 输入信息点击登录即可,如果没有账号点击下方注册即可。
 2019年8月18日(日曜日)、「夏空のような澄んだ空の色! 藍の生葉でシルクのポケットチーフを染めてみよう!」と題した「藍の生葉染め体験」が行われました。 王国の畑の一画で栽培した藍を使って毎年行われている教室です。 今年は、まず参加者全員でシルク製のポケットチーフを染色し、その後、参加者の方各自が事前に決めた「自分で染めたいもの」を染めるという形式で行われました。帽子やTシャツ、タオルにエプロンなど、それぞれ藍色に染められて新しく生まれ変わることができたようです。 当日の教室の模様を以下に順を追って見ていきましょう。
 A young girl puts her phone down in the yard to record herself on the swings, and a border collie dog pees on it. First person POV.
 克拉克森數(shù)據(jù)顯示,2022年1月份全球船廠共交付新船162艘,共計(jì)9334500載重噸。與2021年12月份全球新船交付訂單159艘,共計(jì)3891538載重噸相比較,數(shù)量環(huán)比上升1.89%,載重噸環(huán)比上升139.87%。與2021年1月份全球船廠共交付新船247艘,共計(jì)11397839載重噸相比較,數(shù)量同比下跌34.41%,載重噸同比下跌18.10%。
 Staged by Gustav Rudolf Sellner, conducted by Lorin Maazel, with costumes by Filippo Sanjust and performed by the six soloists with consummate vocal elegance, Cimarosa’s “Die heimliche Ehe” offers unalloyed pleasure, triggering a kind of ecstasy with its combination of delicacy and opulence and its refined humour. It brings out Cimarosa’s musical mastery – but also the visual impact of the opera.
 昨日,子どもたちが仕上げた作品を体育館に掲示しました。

...

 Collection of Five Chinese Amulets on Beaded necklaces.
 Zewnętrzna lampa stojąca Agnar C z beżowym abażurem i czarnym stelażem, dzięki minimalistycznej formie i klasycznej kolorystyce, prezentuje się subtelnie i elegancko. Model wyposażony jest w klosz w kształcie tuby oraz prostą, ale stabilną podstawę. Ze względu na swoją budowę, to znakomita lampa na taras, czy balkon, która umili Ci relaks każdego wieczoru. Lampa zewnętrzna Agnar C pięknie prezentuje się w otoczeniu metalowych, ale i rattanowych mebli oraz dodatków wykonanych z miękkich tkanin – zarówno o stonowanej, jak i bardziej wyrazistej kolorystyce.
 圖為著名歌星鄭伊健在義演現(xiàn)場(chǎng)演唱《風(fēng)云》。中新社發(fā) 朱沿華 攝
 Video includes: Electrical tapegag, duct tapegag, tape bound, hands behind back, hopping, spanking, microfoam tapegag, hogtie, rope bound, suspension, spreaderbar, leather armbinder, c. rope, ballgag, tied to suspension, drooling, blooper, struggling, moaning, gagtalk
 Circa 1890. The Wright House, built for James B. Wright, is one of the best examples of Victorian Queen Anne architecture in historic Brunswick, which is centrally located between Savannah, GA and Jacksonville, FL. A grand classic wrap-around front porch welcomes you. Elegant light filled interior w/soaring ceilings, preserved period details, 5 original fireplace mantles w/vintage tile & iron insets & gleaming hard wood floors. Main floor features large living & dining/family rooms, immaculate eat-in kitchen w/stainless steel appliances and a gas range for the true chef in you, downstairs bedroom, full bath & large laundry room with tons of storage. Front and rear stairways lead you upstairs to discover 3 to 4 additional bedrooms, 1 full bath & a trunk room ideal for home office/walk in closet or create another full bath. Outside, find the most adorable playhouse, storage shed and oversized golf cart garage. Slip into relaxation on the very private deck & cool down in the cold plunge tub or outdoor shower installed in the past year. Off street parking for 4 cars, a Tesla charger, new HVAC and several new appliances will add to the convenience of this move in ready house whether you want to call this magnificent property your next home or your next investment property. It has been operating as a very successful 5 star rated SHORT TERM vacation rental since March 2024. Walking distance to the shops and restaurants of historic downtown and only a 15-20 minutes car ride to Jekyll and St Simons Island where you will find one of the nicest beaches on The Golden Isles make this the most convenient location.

# ABOUT THIS EXERCISE
Retype the portion of the data above that starts on the line with "Staged by Gustav" and finishes on the line with "昨日,子どもたちが仕上げた作品を体育館に掲示しました。", including both of those lines.

# OUTPUT OF THE EXERCISE
 Staged by Gustav Rudolf Sellner, conducted by Lorin Maazel, with costumes by Filippo Sanjust and performed by the six soloists with consummate vocal elegance, Cimarosa’s “Die heimliche Ehe” offers unalloyed pleasure, triggering a kind of ecstasy with its combination of delicacy and opulence and its refined humour. It brings out Cimarosa’s musical mastery – but also the visual impact of the opera.
 昨日,子どもたちが仕上げた作品を体育館に掲示しました。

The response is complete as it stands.